# One GiGANtic Leap...

> Creating artifial life.

- toc: true 
- badges: true
- comments: true
- categories: [jupyter]


# Introduction

Generative Adversarial Networks are more than a novel deep learning architecture. They are powerful game-theoretic constructs with potential to change much of our understanding of what is "real". If what is real is useful insofar as what we perceive is useful, then we may be in touble. The advent of GANs in the early part of this century has distrupted the way reality is made. Deep networks are becoming immensely powerful at learning class-posterior distributions $P(Y|X=x)$. However, generative models are doing something much trickier: learning $P(X,Y)$. GANs use a discriminator of $P(Y|X)$ to accomplish this. Thus, adversarial nets are a balancing act to implement and train, but provide unparalleled results. On the one hand, this could seriousy destroy media (Microsoft's MSN recently replaced human authors with generative machines), social stability, and our politics (think DeepFakes). However, there is reason to be hopeful.
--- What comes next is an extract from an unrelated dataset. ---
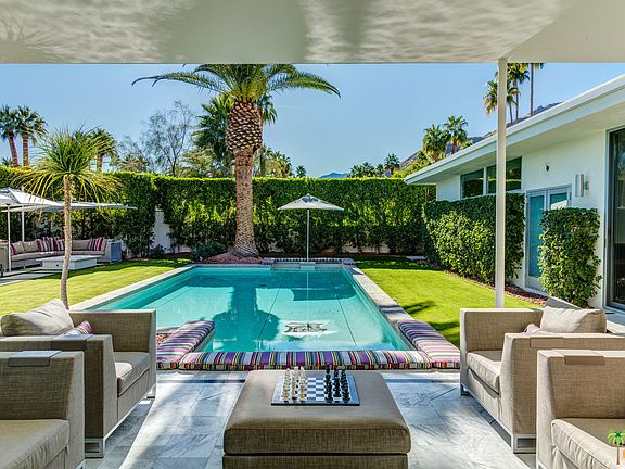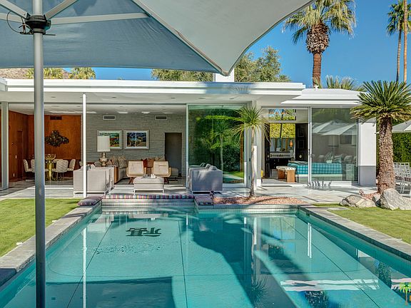 ICONIC 4 bed 4 bath MID-CENTURY MODERN estate with Terrazzo pool designed by Herbert Burns for Madge Phillips, the heir of Phillips Petroleum, has become available. Located in Downtown Palm Springs' Tennis Club neighborhood, this beautifully-appointed home is within blocks of restaurants, retailers and multiple entertainment venues! High ceilings, floor to ceiling glass, period as well as current finishes like new roof, three HVAC systems, Fleetwood sliders with motorized window treatments and more! Grand entry, living and dining areas with floor to ceiling glass sliders that open to the pool. Kitchen offers quartz counters, stainless appliances, and direct access to the outside BBQ. South-facing Master Suite offers incredible mountain views and direct access to the ultra-private backyard. Junior Ensuites Two and Three, which are on the other side of the house, each open to the outside and have their own bath. Bedroom Four also opens to the outside and is adjacent to a bath. Stunning!

One realm I'm particularly excited to see GANs making an entrance is in the biosciences. GANs (and really any high-fidelity generative model) may hold the promise to generate sythetic datasets to build better supervised learners on features such as genomes, proteomes, and bioimages. This could help bring machine learning closer to solving few-shot and zero-shot problems in medicine.

Another example is for the purposes of simulation and modeling. Tons of assumptions must be made during modeling (for, say, a pandemic) that may not prove realistic. On the other hand, epidemiological datasets may be limited in scope and depth, such that sparse or missing features from a data collection stage could prove vital if not for their low frequencies. Simulating patient risk pools for disease-fighting or drug design via a GAN is one potential method to overcome this, as we can sample from $P(Y,X=x_{minority})$ via a model trained to discriminate perfectly on $P(Y|X)$.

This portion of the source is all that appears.